Emit a verbatim copy of the lines below from the line with "2021年3月,秦销量为46" through the line with "Написание авторских статей", excluding pictures and everything outside that range.

'''

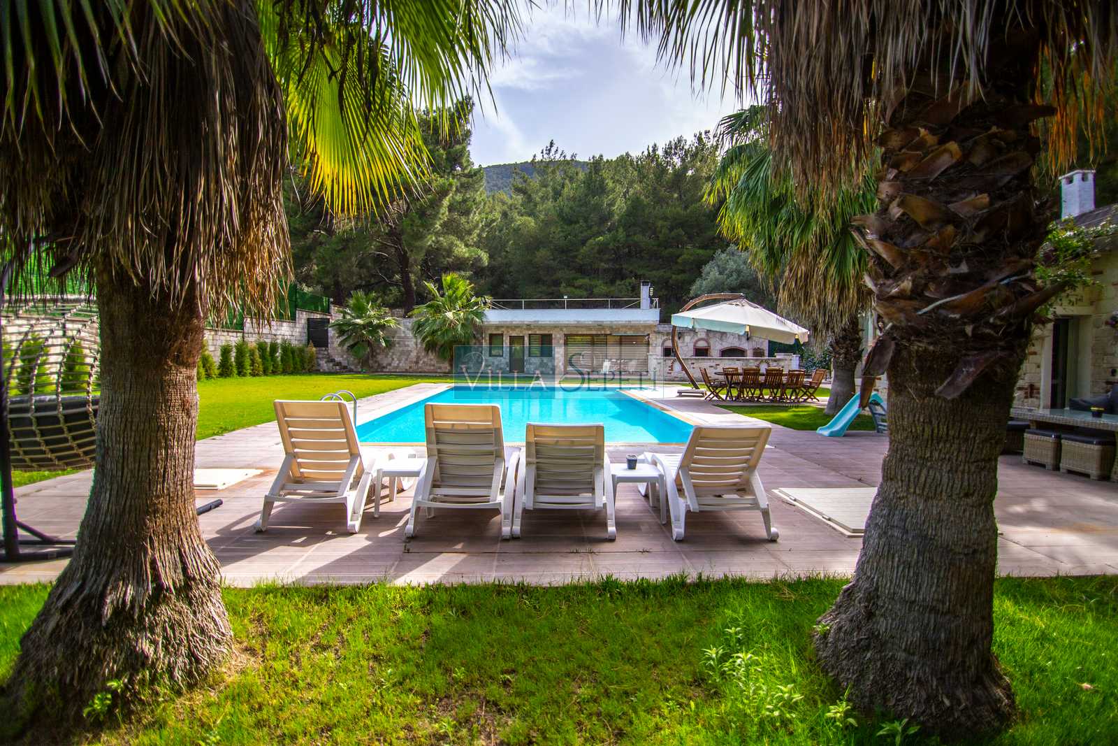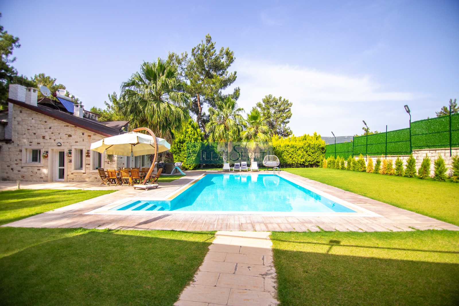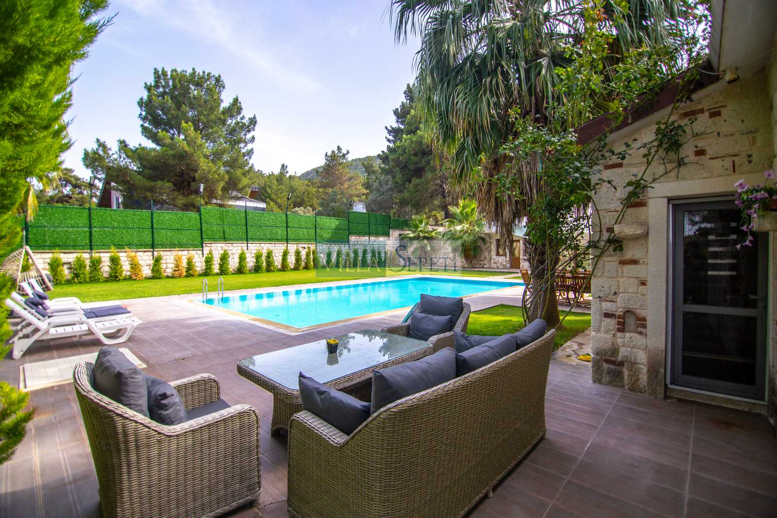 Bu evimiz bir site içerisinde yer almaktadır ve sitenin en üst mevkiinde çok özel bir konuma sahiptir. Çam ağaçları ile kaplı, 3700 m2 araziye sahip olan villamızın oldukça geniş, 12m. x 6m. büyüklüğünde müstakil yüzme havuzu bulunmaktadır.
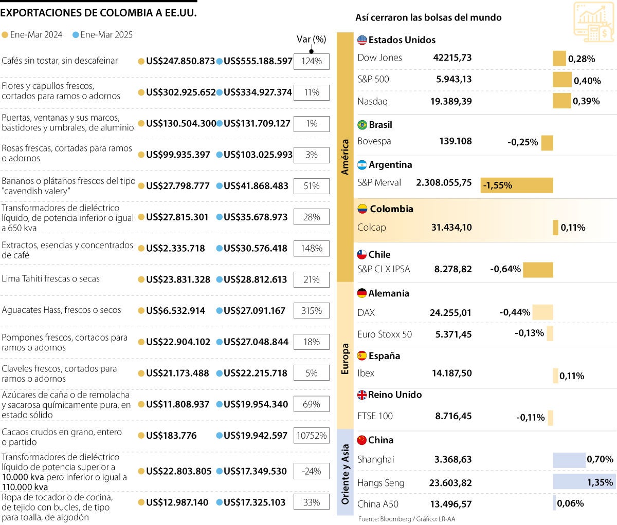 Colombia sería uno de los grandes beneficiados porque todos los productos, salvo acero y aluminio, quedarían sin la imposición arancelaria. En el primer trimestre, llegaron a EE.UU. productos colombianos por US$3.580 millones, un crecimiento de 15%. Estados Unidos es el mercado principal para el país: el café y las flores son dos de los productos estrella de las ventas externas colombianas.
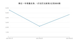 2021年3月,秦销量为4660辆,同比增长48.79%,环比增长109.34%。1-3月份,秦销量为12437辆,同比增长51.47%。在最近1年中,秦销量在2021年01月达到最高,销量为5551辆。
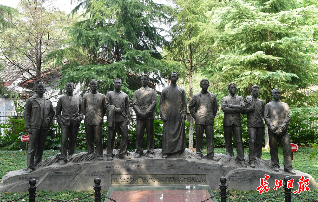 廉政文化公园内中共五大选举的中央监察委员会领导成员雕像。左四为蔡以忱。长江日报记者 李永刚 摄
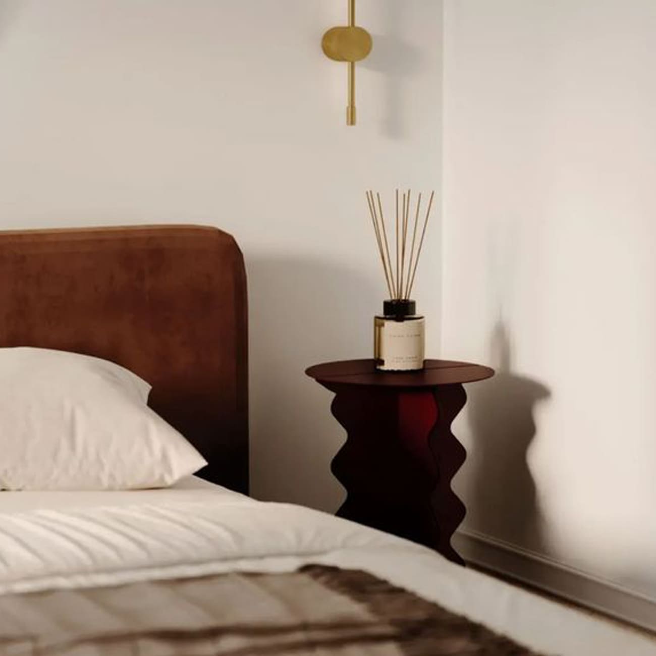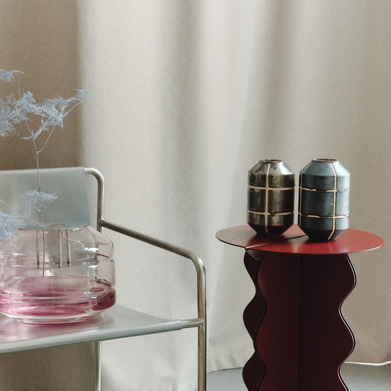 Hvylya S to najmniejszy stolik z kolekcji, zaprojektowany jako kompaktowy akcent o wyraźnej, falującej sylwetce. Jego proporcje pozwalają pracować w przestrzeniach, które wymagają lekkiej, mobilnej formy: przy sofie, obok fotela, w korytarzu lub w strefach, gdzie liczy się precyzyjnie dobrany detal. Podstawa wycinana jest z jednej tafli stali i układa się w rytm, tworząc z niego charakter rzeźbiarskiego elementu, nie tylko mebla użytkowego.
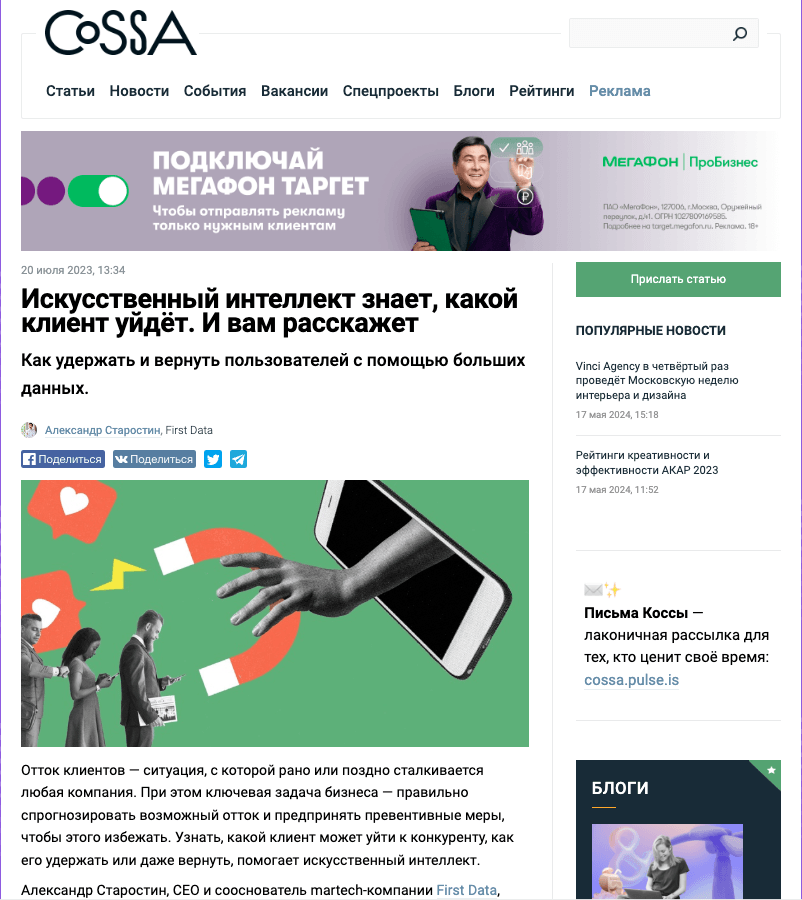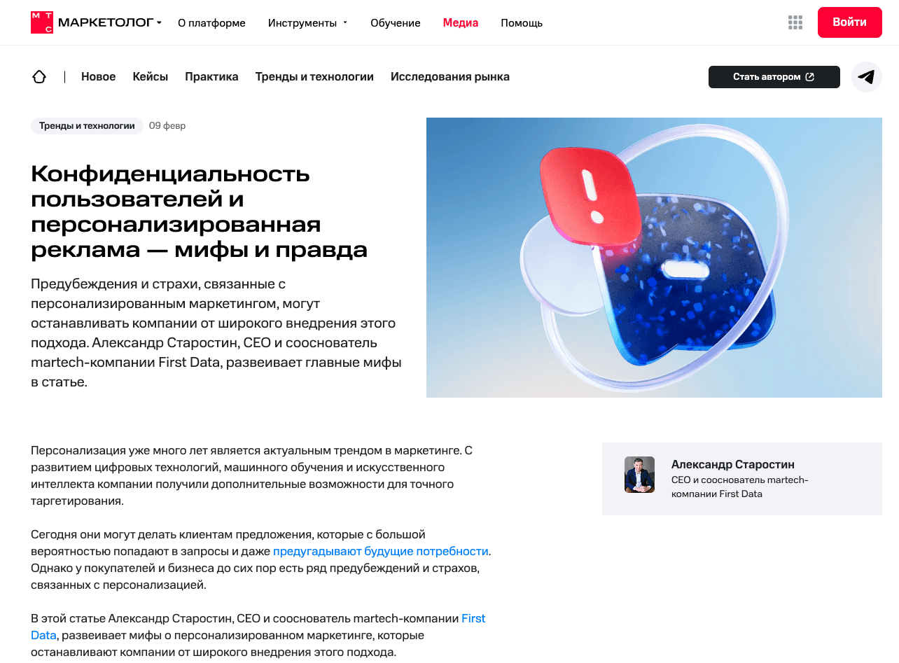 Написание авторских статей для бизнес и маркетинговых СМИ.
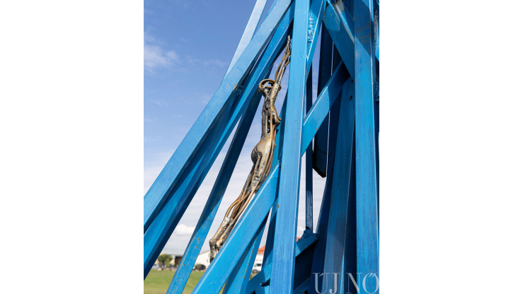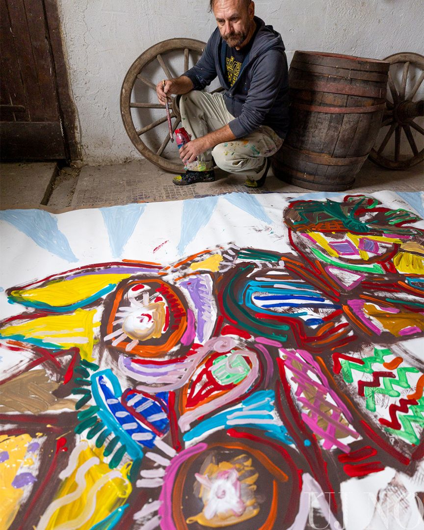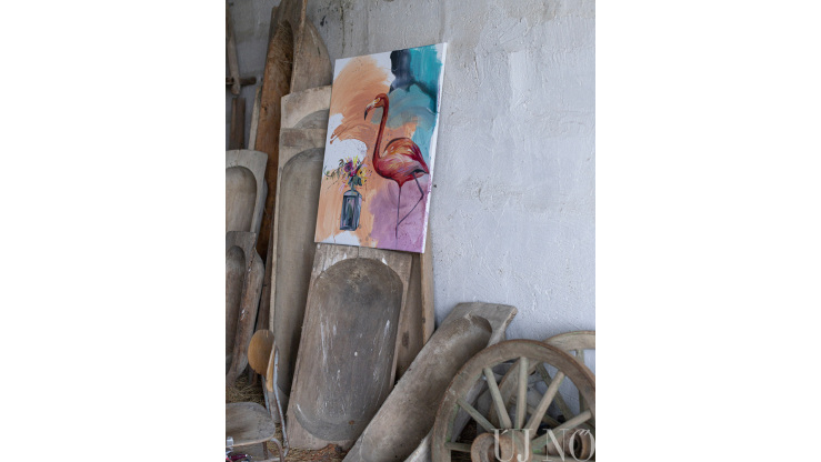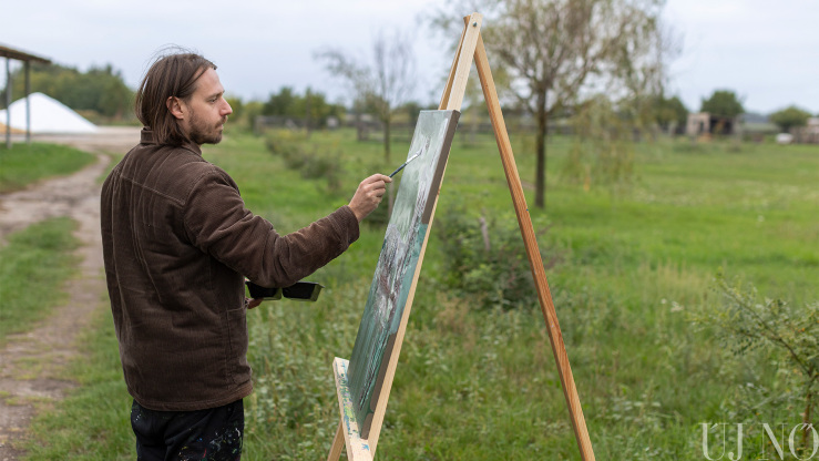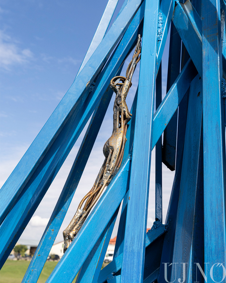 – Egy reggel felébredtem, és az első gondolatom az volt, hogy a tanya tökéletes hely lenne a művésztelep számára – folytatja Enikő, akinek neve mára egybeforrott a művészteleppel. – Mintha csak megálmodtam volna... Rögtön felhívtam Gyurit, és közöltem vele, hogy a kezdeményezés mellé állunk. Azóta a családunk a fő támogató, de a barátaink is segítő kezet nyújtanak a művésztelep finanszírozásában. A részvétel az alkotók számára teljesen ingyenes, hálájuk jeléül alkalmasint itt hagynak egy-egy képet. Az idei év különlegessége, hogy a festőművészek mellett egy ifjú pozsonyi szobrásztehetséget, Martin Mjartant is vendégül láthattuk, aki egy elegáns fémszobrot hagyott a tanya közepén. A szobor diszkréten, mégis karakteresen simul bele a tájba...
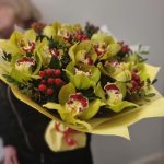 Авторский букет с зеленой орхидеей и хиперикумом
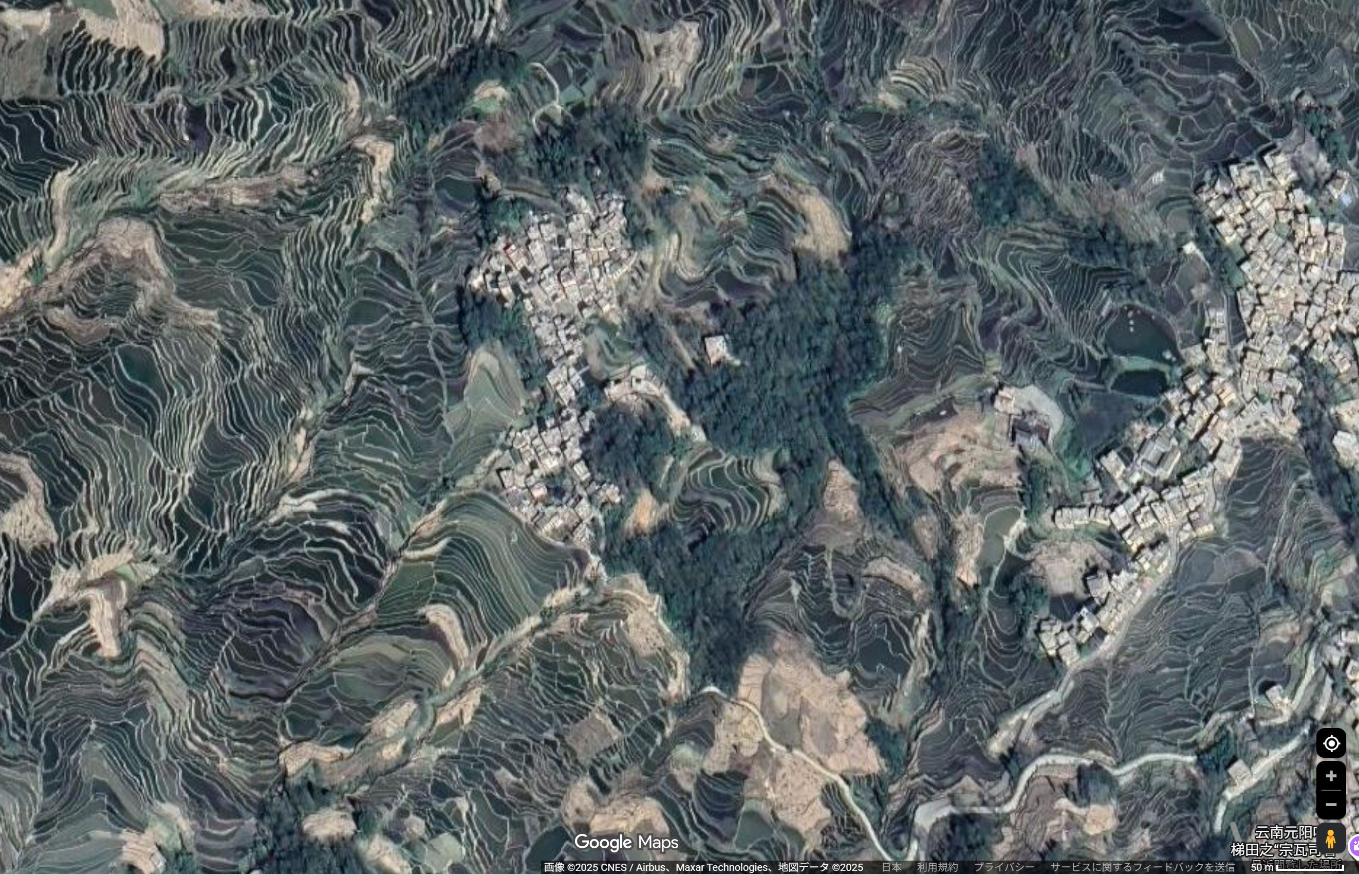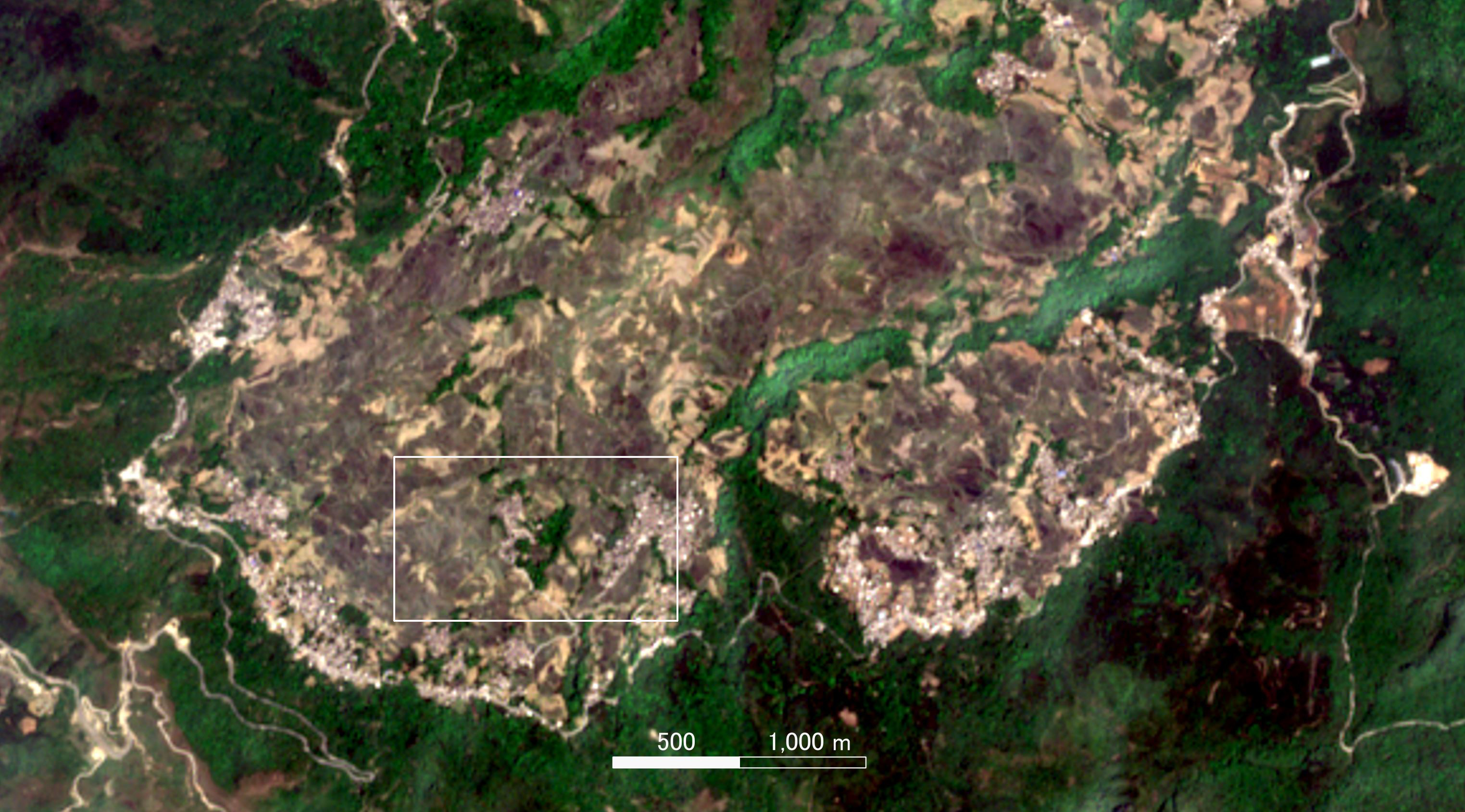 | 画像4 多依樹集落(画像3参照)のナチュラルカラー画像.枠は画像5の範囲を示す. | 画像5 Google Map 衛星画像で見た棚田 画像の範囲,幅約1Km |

'''

• **Task response**
 2021年3月,秦销量为4660辆,同比增长48.79%,环比增长109.34%。1-3月份,秦销量为12437辆,同比增长51.47%。在最近1年中,秦销量在2021年01月达到最高,销量为5551辆。
 廉政文化公园内中共五大选举的中央监察委员会领导成员雕像。左四为蔡以忱。长江日报记者 李永刚 摄
 Hvylya S to najmniejszy stolik z kolekcji, zaprojektowany jako kompaktowy akcent o wyraźnej, falującej sylwetce. Jego proporcje pozwalają pracować w przestrzeniach, które wymagają lekkiej, mobilnej formy: przy sofie, obok fotela, w korytarzu lub w strefach, gdzie liczy się precyzyjnie dobrany detal. Podstawa wycinana jest z jednej tafli stali i układa się w rytm, tworząc z niego charakter rzeźbiarskiego elementu, nie tylko mebla użytkowego.
 Написание авторских статей для бизнес и маркетинговых СМИ.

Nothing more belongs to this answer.